In 1883, at 18, he enlisted in the military in Louisville, Ky. He joined Company I, 25th Infantry, as a “Buffalo soldier,” a term referring to African-Americans who served from 1866 until 1951, when the military became racially integrated.

In 1890, Woodson received a B.A. from Virginia Normal and Collegiate Institute (now Virginia State University); in 1895, he earned a law degree from Howard University. Woodson then opened a law office in Iowa, where the Consolidated Coal Company employed many African-Americans. In 1898, he ran unsuccessfully for county attorney but went on to become a leader in the Iowa Republican Party.

With others, he founded the Iowa Afro-American Council, opened a law partnership that would last 20 years and helped organize the Iowa Negro Bar Association.
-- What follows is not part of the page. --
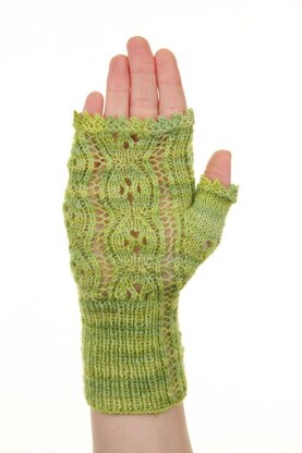These delicate gloves feature an easily memorized lace pattern that is worked on every row. They are knit with negative ease so that the lace pattern opens fully when worn.

Woodson operated on national scale. He attended meetings throughout the country and delivered talks that received favorable coverage in both the general and the black press. In 1905, he was one of the 29 founders of the Niagara Movement, advocating full civil rights for African-Americans.

In 1912, Woodson ran for the Iowa State House as a Republican candidate but again was unsuccessful. A contemporary African-American Iowan, Reuben Gaines, Jr., commented in his memoir, “It was too early to elect a black man to that position.”

In 1921, as demand for coal declined, Woodson moved to Des Moines as deputy collector of customs and married Mary Montague, in her mid-50s and marrying for the first time, like Woodson.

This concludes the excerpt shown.